Your objective
Excluding pictures, retype exactly the lines from the one with "Knowing that the" through the end of the records that follow.

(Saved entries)
☆ ☆ ☆
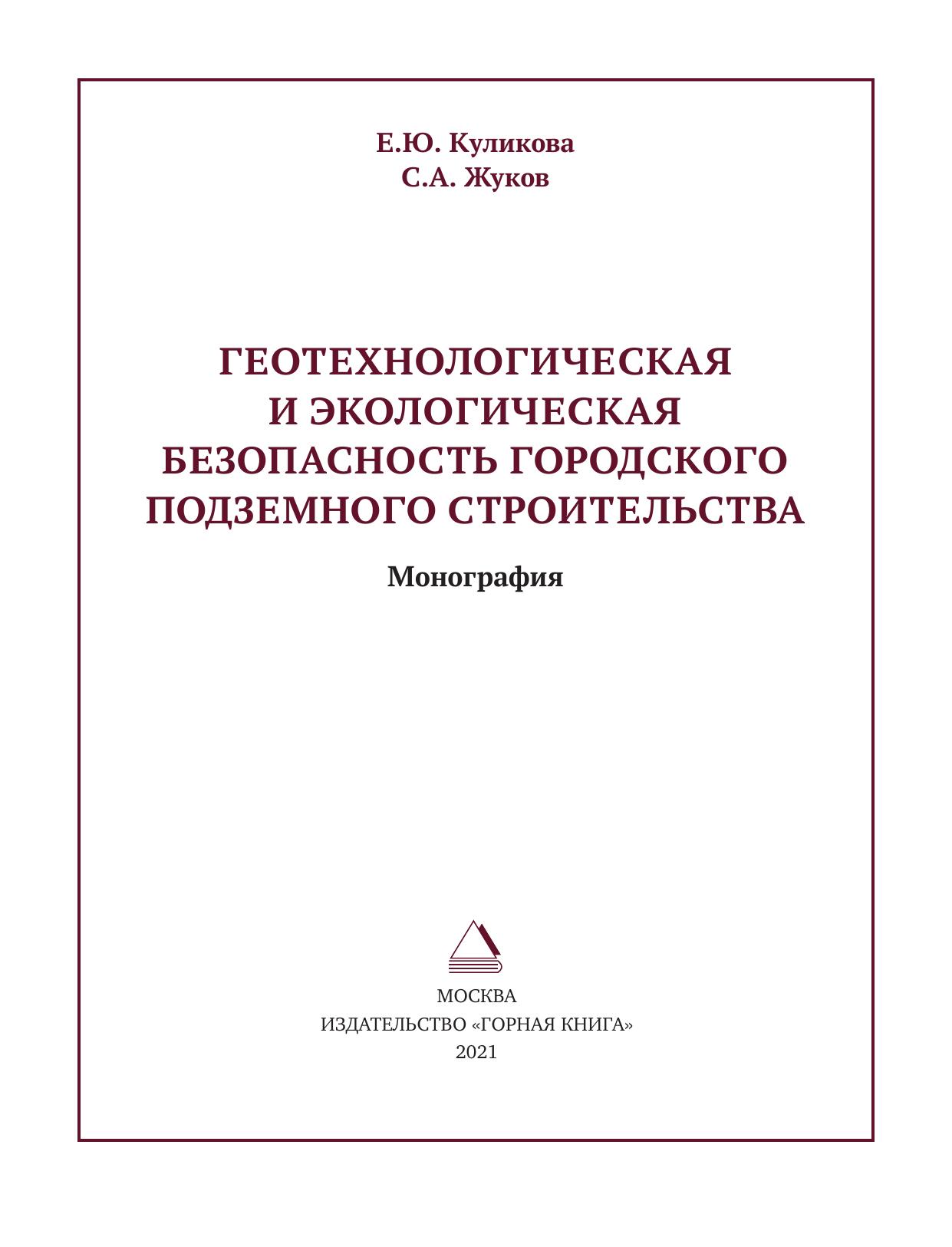 Геотехнологическая и экологическая безопасность городского подземного строительства
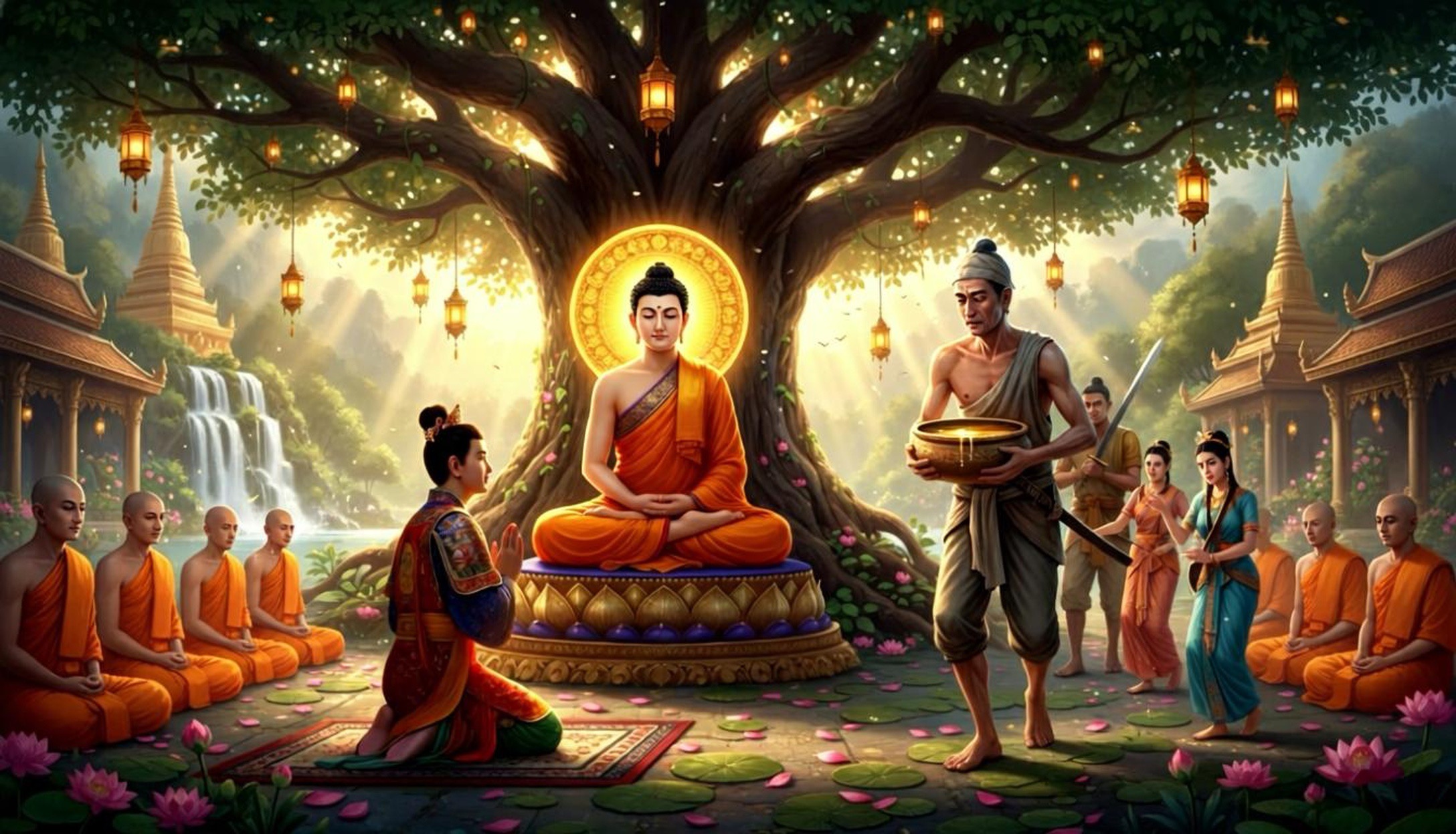 Knowing that the king was about to arrive, the World-Honored One soon appeared. A great assembly of disciples also manifested, gathering around the Buddha.
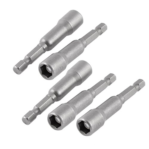 uxcell 六角ソケット ビット セッター 金属 グレー 5個入り 磁気有り ナットドライバービット
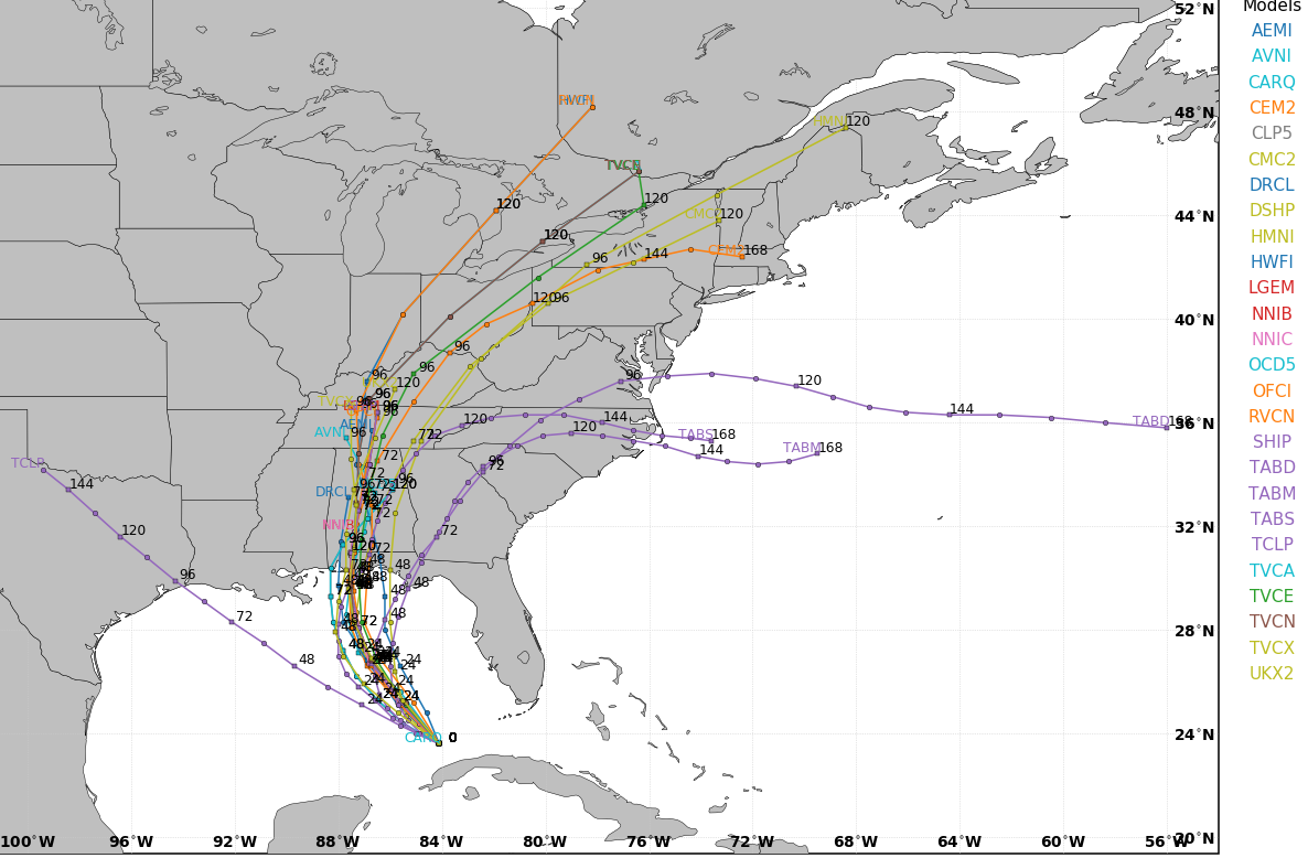 The latest spaghetti plots from the hurricane models are similar and bring the remnant low into Kentucky…
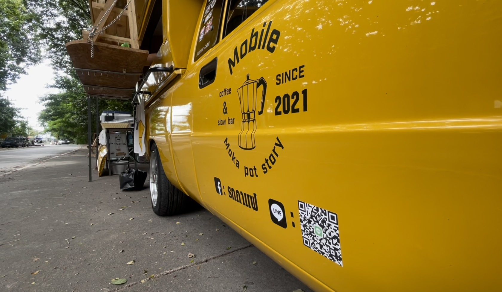 ทั้งน้ีทางด้าน นายจิรายุ ธนะหมี อายุ 40 ปี เจ้าของร้าน เล่าว่า จุดเริ่มต้นที่มาเริ่มขายกาแฟนั้นมาจากการที่ตนตกงาน โดยก่อนหน้านี้นั้นมีอาชีพขับแท็กซี่มิเตอร์ที่สนามบิน แต่ภายหลังจากที่เกิดการแพร่ระบาดของเชื้อไวรัสโควิด-19 เข้ามา ก็ทำให้จังหวัดมีการล็อคดาวน์ ทำให้ตนต้องหยุดทำงาน และหลังจากที่ผ่านพ้นล็อคดาวน์ ตนก็ออกมาทำงานรับจ้างแต่ตอนนั้นตนก็เริ่มที่จะรู้จักโมก้าพอท จากการที่ตนไปนั่งกินกาแฟ ประกอบกับช่วงนั้นตนไม่ได้ไปไหน จึงซื้ออุปกรณ์มาทำเองที่บ้าน จนเกิดเป็นความชอบและเริ่มซื้ออุปกรณ์สะสมทีละเล็กละน้อย และต่อมาตนก็มีโอกาสได้คุยกับน้องที่รู้จักชื่อว่า “น้องมาย” ซึ่งมีอาชีพขายกาแฟในลักษณะเป็นรถเปิดขายกาแฟแบบหม้อต้ม ตนจึงได้ไอเดียร์มาต่อยอดในการจะทำอาชีพขายกาแฟ แต่ก็ยังไม่มีทุนในการเปิดร้าน จึงได้วางแพลนไว้ และเริ่มทำฃานเก็บเงินด้วยการรับจ้างทั่วไป , รับจ้างก่อสร้าง และเป็นพนักงานไรเดอร์ส่งอาหาร จนกระทั่งเจอรถคันที่ใช้เปิดร้านที่เชียงราย โดยทางเจ้าของรถก็ขายให้ในราคาถูก ตนจึงนำเงินทุนที่เก็บไว้จากการทำงานมาเริ่มลงทุนกับการเปิดร้าน และเริ่มปรับปรุง ซ่อมแซม ตกแต่งรถคันนี้ให้กลายเป็นร้านกาแฟ
☆ ☆ ☆
Task result
 Knowing that the king was about to arrive, the World-Honored One soon appeared. A great assembly of disciples also manifested, gathering around the Buddha.
 uxcell 六角ソケット ビット セッター 金属 グレー 5個入り 磁気有り ナットドライバービット
 The latest spaghetti plots from the hurricane models are similar and bring the remnant low into Kentucky…
 ทั้งน้ีทางด้าน นายจิรายุ ธนะหมี อายุ 40 ปี เจ้าของร้าน เล่าว่า จุดเริ่มต้นที่มาเริ่มขายกาแฟนั้นมาจากการที่ตนตกงาน โดยก่อนหน้านี้นั้นมีอาชีพขับแท็กซี่มิเตอร์ที่สนามบิน แต่ภายหลังจากที่เกิดการแพร่ระบาดของเชื้อไวรัสโควิด-19 เข้ามา ก็ทำให้จังหวัดมีการล็อคดาวน์ ทำให้ตนต้องหยุดทำงาน และหลังจากที่ผ่านพ้นล็อคดาวน์ ตนก็ออกมาทำงานรับจ้างแต่ตอนนั้นตนก็เริ่มที่จะรู้จักโมก้าพอท จากการที่ตนไปนั่งกินกาแฟ ประกอบกับช่วงนั้นตนไม่ได้ไปไหน จึงซื้ออุปกรณ์มาทำเองที่บ้าน จนเกิดเป็นความชอบและเริ่มซื้ออุปกรณ์สะสมทีละเล็กละน้อย และต่อมาตนก็มีโอกาสได้คุยกับน้องที่รู้จักชื่อว่า “น้องมาย” ซึ่งมีอาชีพขายกาแฟในลักษณะเป็นรถเปิดขายกาแฟแบบหม้อต้ม ตนจึงได้ไอเดียร์มาต่อยอดในการจะทำอาชีพขายกาแฟ แต่ก็ยังไม่มีทุนในการเปิดร้าน จึงได้วางแพลนไว้ และเริ่มทำฃานเก็บเงินด้วยการรับจ้างทั่วไป , รับจ้างก่อสร้าง และเป็นพนักงานไรเดอร์ส่งอาหาร จนกระทั่งเจอรถคันที่ใช้เปิดร้านที่เชียงราย โดยทางเจ้าของรถก็ขายให้ในราคาถูก ตนจึงนำเงินทุนที่เก็บไว้จากการทำงานมาเริ่มลงทุนกับการเปิดร้าน และเริ่มปรับปรุง ซ่อมแซม ตกแต่งรถคันนี้ให้กลายเป็นร้านกาแฟ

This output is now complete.